There is a place where any great opportunity for change can die. It's a no man's land, a wilderness, filled with temptations and riddled with the bones of past failures.  How do you avoid such? Today, we cover just that.
So about four episodes back, episode number 22, we started looking at how to lead change. At, first we considered two simple questions that will help your board or congregation consider changes.
Then we began to look at Dr. William Bridges ideas on change and transition. Dr. Bridges, in his book, Managing Transitions, teaches that all changes go through three stages of transition – An ending, the neutral zone, and the new beginning.
If this is the first episode you are listening to on change leadership, I suggest you go back to episode 22 and work up to this one.
In episode 24 we finished our work on how to end something. Today we will look at that phase between ending the old thing and starting the new – the area called the neutral zone.
I do not know anything about Dr. Bridges spiritual background.

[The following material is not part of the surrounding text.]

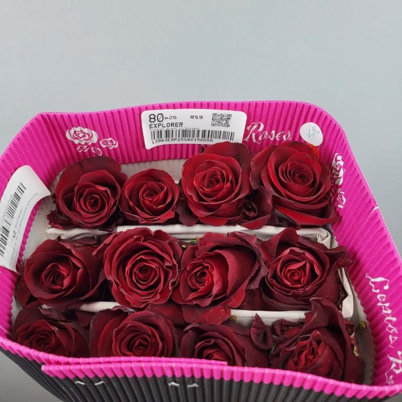Яркий представитель красных роз. Роза сорта Эксплорэр имет очень плотный бутон и отличается повышенной стойкость после среза. Очень популярный и востребованный сорт. Доставка роз по Харькову и области.

But in his book, Managing Transitions, he does use the Exodus as an example of these three phases.
You know the story – The Jews leave Egypt. They Jews wander in the wilderness for 40 years. The Jews cross over the river Jordan and begin a new thing in the land of promise. There was an ending, and eventually a beginning. But in the middle, those 40 years of wandering, we find the neutral zone.
There are some changes that do not require a neutral zone. You want to change the carpets. You go to Carpet World, pick a color, set up the install date, and step back. A few weeks later you have new carpet.
Some changes though require much more. They require a great deal of thought and work before you start something new. And managing the handover, the neutral zone, is essential. I will give you 4 things you must do while you are in the neutral zone, before you start the new thing.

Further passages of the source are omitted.